G. Gregory Tooker
“Waiting, waiting,” sang Jim Morrison of the Doors, “...waiting for the sun.” That is how so many of us feel these days, as we mark time waiting for the end of the pandemic, yearning to return to life as we once knew it. But most of the globe remains in a state of suspension as progress to achieve herd immunity has been painfully slow. Illogical reluctance to receive proven vaccines plus logistical challenges to deliver the life-saving medicine to third world countries leaves mankind treading water far from shore.
It is indeed a challenge to sustain positive thinking in the face of such frustration. Adding to worries about emerging COVID variants, international conflict, climate change and economic hurdles weigh on the mind. During your writer’s discussions with family, friends and neighbors encountered in recent months, they have shared tools they have employed to distract from worry and negative thinking while negotiating the seemingly endless pandemic gauntlet.

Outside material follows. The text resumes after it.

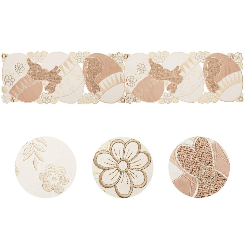 Grelucgo Embroidered Country Rustic Decorative Burlap Bunny Table Runner for Easters (14x69 inches)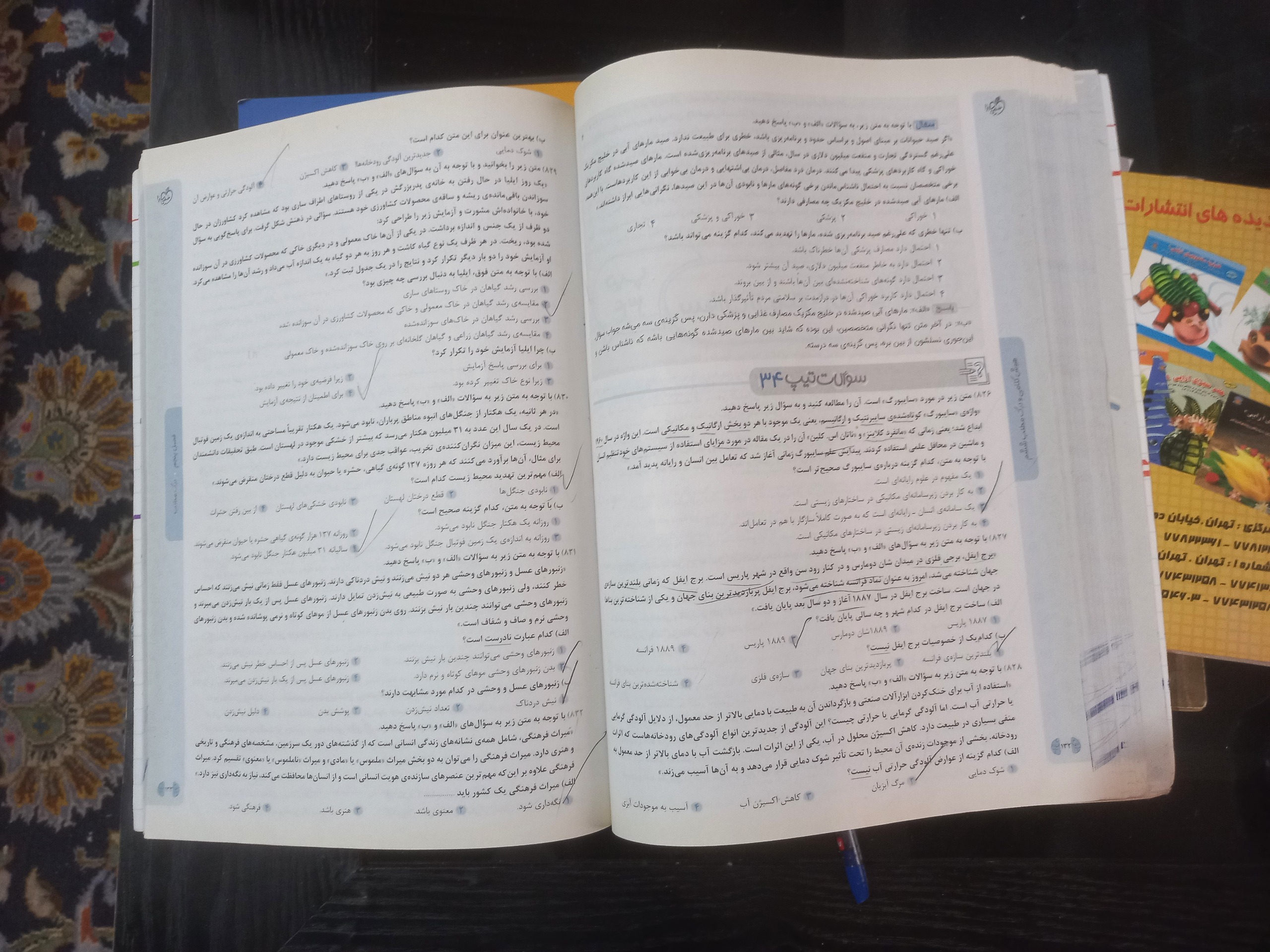 داخل کتاب صفحات با مداد نوشته و خط دارد

Most often mentioned is outdoor recreation such as running, walking, biking, swimming and other exercise, including yoga. Tai Chi is especially popular among older, less mobile folks. The slow, stretching movement in combination with mind-relieving meditation reduces stress and helps one relax. Gardening is another activity growing in popularity. Community vegetable and flower gardens are popping up in many towns.
Lest we not forget another most effective pandemic diversion, conduct a quick experiment on yourself. Honestly tally the number of hours you spend a day/week on your smart phone. Divide that number by 2 and re-channel the calculated time to relaxation with a good book. Americans have gotten away from the reading habit, with spoon-fed entertainment easily available at the push of a button or voice command. We need to rediscover the joy of recreational reading.
Bottom line, there are many healthy activities that will get your mind off the marathon newscasts and social media posts that breed pessimism and create depression. Find one that appeals to you and make it a daily habit. An hour or two spent in a quieter environment, enjoying nature and fresh air can magically restore one’s sense of purpose and optimism.